Should the Allies have fought in Italy?
The mountainous terrain of Italy proved tough going for the Allies- did the success justify the sacrifice?

Video Transcript

Commentary: On the 9th of September 1943 American forces landed here at Salerno on the Western coast of Italy near Naples. Just days before another allied force led by General Montgomery had landed further South on the Italian mainland. It was the next stage in an advance that had begun in the Western Desert, then moved across the Mediterranean to Sicily and now encompassed Italy itself.

Professor Robert Citino: You know arguably there’s a certain strategic consequence; the invasion of Sicily leads to the overthrow of Mussolini. You could make a case that all the way up to Rome it was still the only place where we were engaged with the Germans.
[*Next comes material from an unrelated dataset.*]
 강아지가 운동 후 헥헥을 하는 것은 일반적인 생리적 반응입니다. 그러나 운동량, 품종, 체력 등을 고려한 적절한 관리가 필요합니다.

Commentary: The trouble was that to engage the enemy here, amidst the mountains of Southern Italy, was a perilous task.

Words of William Perry: This is a place where it is ideal for fighting a defensive war, in some places you know, you don’t have a lot of confidence in the intelligence they give you. You always got the same, there’s nobody up there, you know, and you’d just get up there and all of a sudden things would open up on you.
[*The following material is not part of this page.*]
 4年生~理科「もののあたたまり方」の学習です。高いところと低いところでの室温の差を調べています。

Sir Max Hastings: Up to the winter of 1943 it made sense; the Allies had to be doing something; the British and American Armies couldn’t be seen to be doing nothing while the Russians were fighting these colossal battles, but once it became plain just how tough Italy was going to be; once it became plain that the Germans were going to fight all the way, then I think Italy cost the Allies far more than it cost the Germans.

Commentary: And that high cost came to be symbolided by the battle in early 1944 here, for the monastery of Monte Cassino. The Germans had almost a perfect line of fire to the Allied troops who tried to advance below.

Words of Albert Price: You could actually here this boom right in the distance and you could hear this shell coming like an express train, the noise it made. Now that did put the wind up me. I heard one coming and I got a nasty feeling, you know, this is it, it’s coming straight for us, they’ve got our range now. I heard this one coming, it’s tremendous, boom, boom. And when it finished, it was just blackness.

Commentary: Then here, on these beaches in France, the nature of the war in the West suddenly changed. Four weeks after Monte Cassino had finally fallen to the Allies came D Day, the landings in Normandy. The scale of the effort here in France dwarfed that in Italy. It was clear to everyone that this was the major Allied offensive in the West, aimed at liberating France and then conquering Germany.

Professor Robert Citino: From then on it is very difficult, I think, for me as a historian, an operational analyst, to support the furtherance of the Italian drive. It tied down some German divisions, but it tied down just as many allied divisions and caused massive casualties on both sides and destroyed much of Italy in the process.

Commentary: Several thousand allied soldiers lost their lives capturing Monte Cassino, a small fraction of the overall allied losses in Italy. And when the war in Europe finally ended in May 1945 with the capture of Berlin, allied troops were still slogging their way here, through Italy.